ACTIVITY: Leaving out all pictures, restate word for word the lines from the one with "Frank, Gabriela Lena: Leyendas-An" through the last line of the entries.

[Opening DATA FOR THE TASK section]

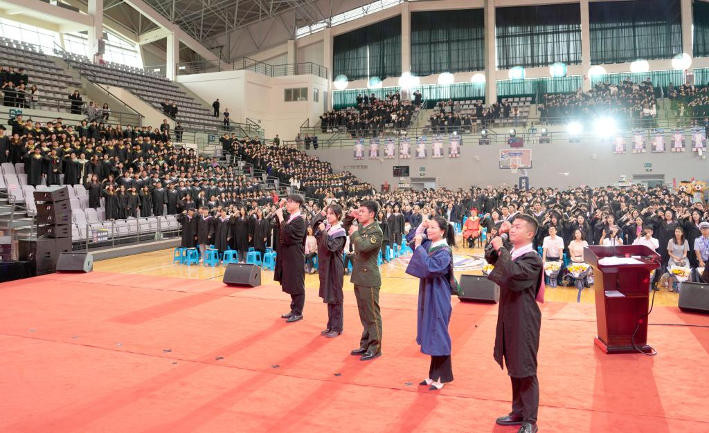 全体毕业生在领誓人的带领下庄严宣誓,将用聪明和才智奉献社会,以青春和热血报效祖国。
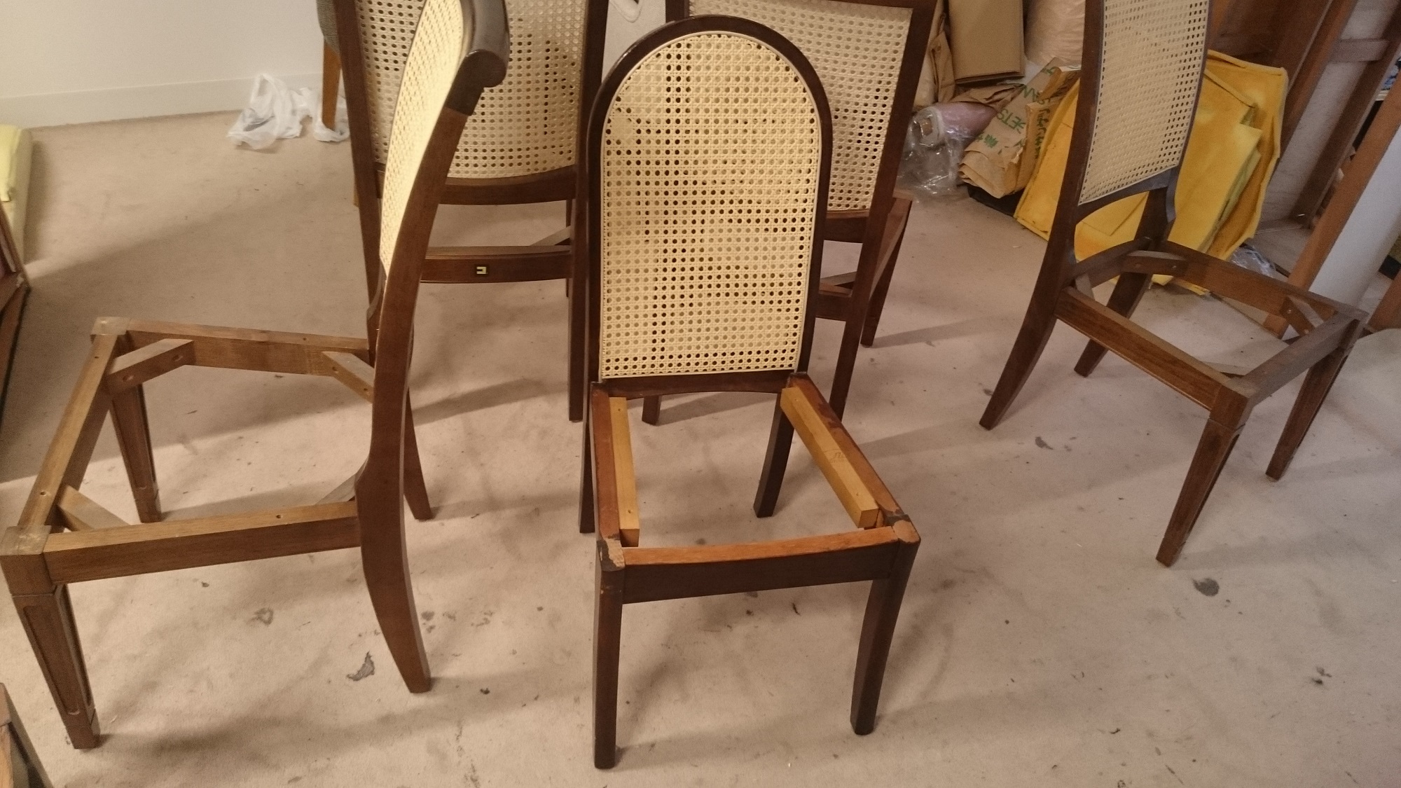 ダイニングチェア張替え 2020-06-10 家具の修復・張替 ダイニングチェア補修のご依頼をいただき、張替えさせていただきました。 座面のウレタンは長年の使用により、クッション性がなくなっておりましたので 交換させていただき、背の籐は張替え後に塗装致しました。 張替え前 籐張替え後 完成 今回の籐はシート張りというタイプのものでしたが、手編みの籐張替えも承っております。 また、弊社では自社工場があるため、張替えだけではなく木部の補修も承っておりますので お気軽にご相談ください。
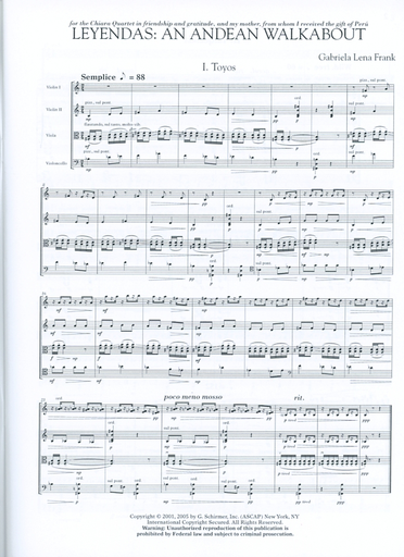 Frank, Gabriela Lena: Leyendas-An Andean Walkabout for String Quartet (score and parts)
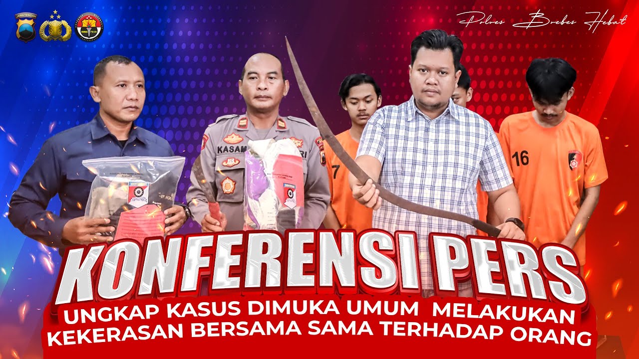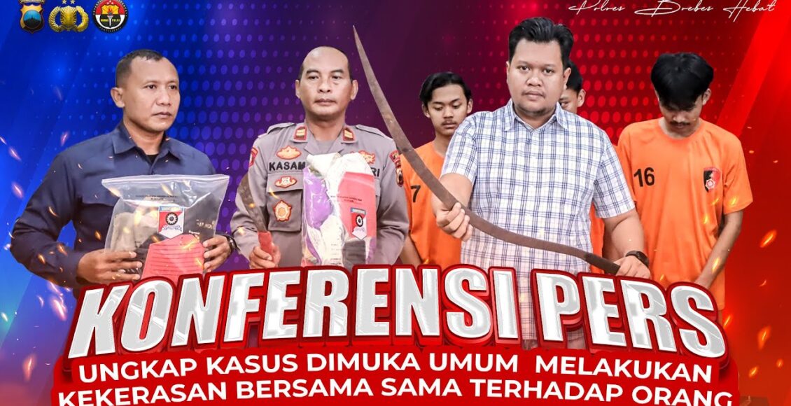 Konferensi Pers Ungkap Kasus Dimuka Umum Melakukan Kekerasan Bersama sama Terhadap Orang TKP Kecamatan Bumiayu Wilayah Hukum Polres Brebes, Jumat 21 Juli 2023 pukul 11.30 WIB bertempat di Ruang Konferensi Pers Polres Brebes.
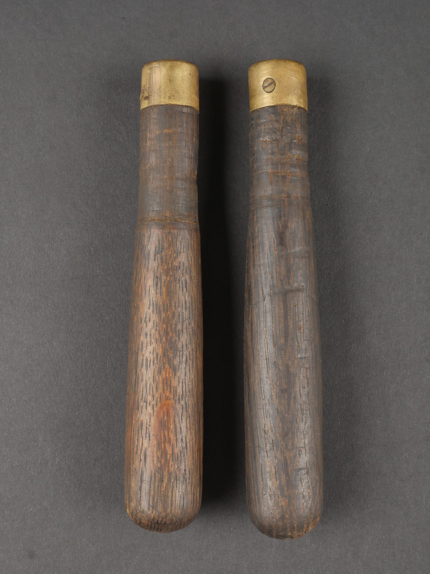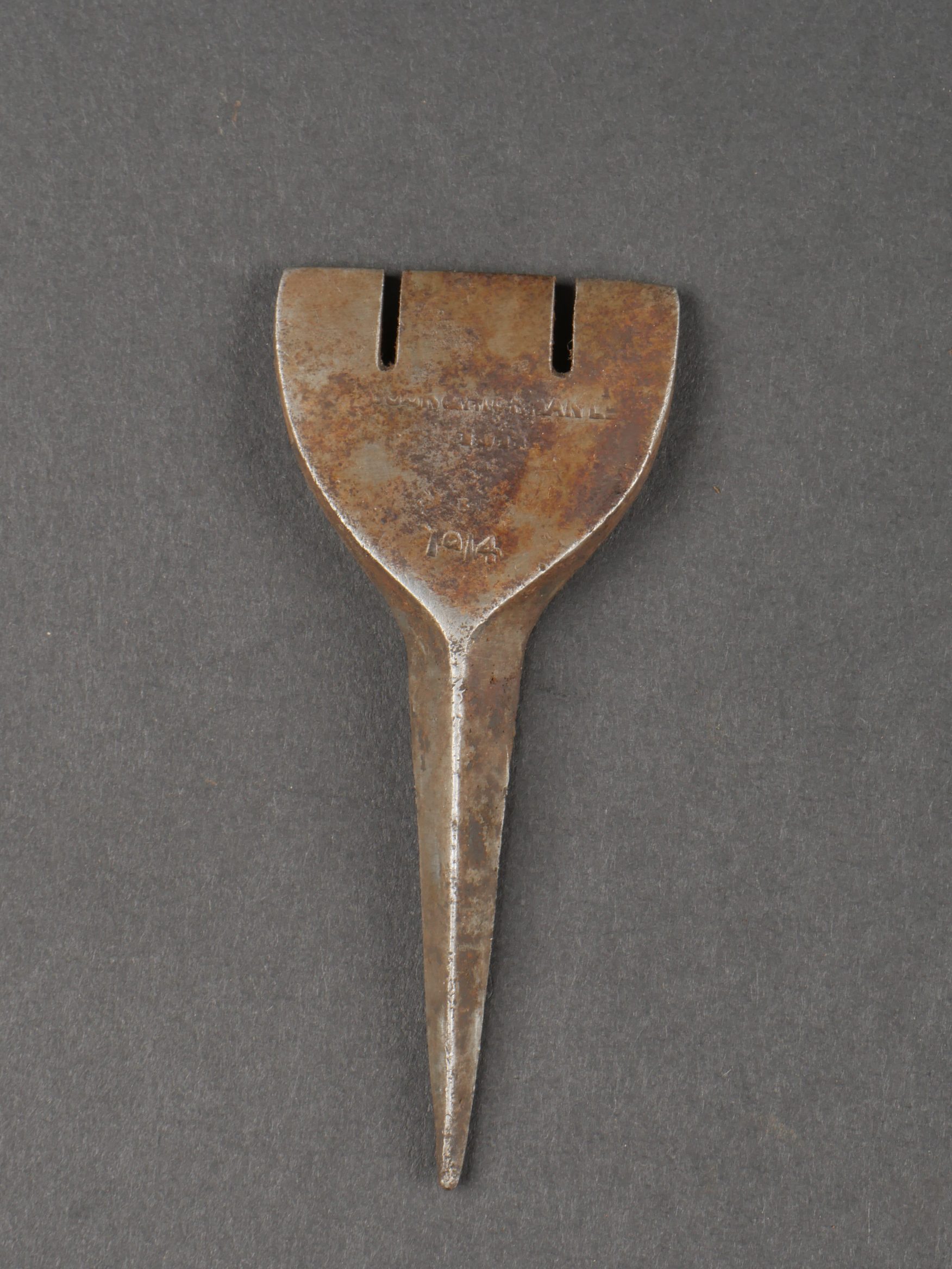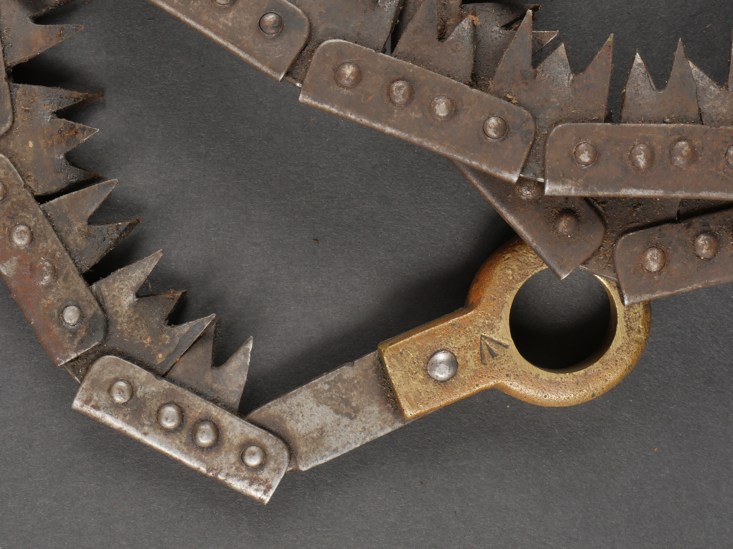 Scie articulée anglaise dans son étui cuir. Scie articulée bien marquée et datée 1917, avec ses poignées bois, son outil d’affûtage daté 1914, dans son étui en cuir daté 1915. Marquage sur le rabat 9 BR 39, peut être 9th Battalion the (Scottish) Borderers Regiment ? avec un matricule 368. Usure d’usage, patine. British Folding Saw in Leather CaseArticulated saw clearly marked and dated 1917 with wooden handles, complete with 1914-dated sharpening tool, housed in a 1915-dated leather case. Flap marked “9 BR 39,” likely “9th Battalion (Scottish) Borderers,” with service number “368.” Used condition with patina.
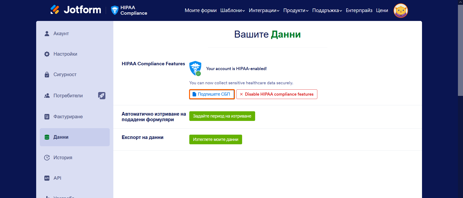 Вие можете да поискате СБП, който е подписан от Jotform, ако желаете. След като активирате функциите за HIPAA съответствие във вашия акаунт, вие можете да поискате СБП от раздела Данни на страницата с Настройки, като щракнете върху бутона „Подпишете СБП“.

[Closing DATA FOR THE TASK section]

RESPONSE FOR THIS EXERCISE:
 Frank, Gabriela Lena: Leyendas-An Andean Walkabout for String Quartet (score and parts)
 Konferensi Pers Ungkap Kasus Dimuka Umum Melakukan Kekerasan Bersama sama Terhadap Orang TKP Kecamatan Bumiayu Wilayah Hukum Polres Brebes, Jumat 21 Juli 2023 pukul 11.30 WIB bertempat di Ruang Konferensi Pers Polres Brebes.
 Scie articulée anglaise dans son étui cuir. Scie articulée bien marquée et datée 1917, avec ses poignées bois, son outil d’affûtage daté 1914, dans son étui en cuir daté 1915. Marquage sur le rabat 9 BR 39, peut être 9th Battalion the (Scottish) Borderers Regiment ? avec un matricule 368. Usure d’usage, patine. British Folding Saw in Leather CaseArticulated saw clearly marked and dated 1917 with wooden handles, complete with 1914-dated sharpening tool, housed in a 1915-dated leather case. Flap marked “9 BR 39,” likely “9th Battalion (Scottish) Borderers,” with service number “368.” Used condition with patina.
 Вие можете да поискате СБП, който е подписан от Jotform, ако желаете. След като активирате функциите за HIPAA съответствие във вашия акаунт, вие можете да поискате СБП от раздела Данни на страницата с Настройки, като щракнете върху бутона „Подпишете СБП“.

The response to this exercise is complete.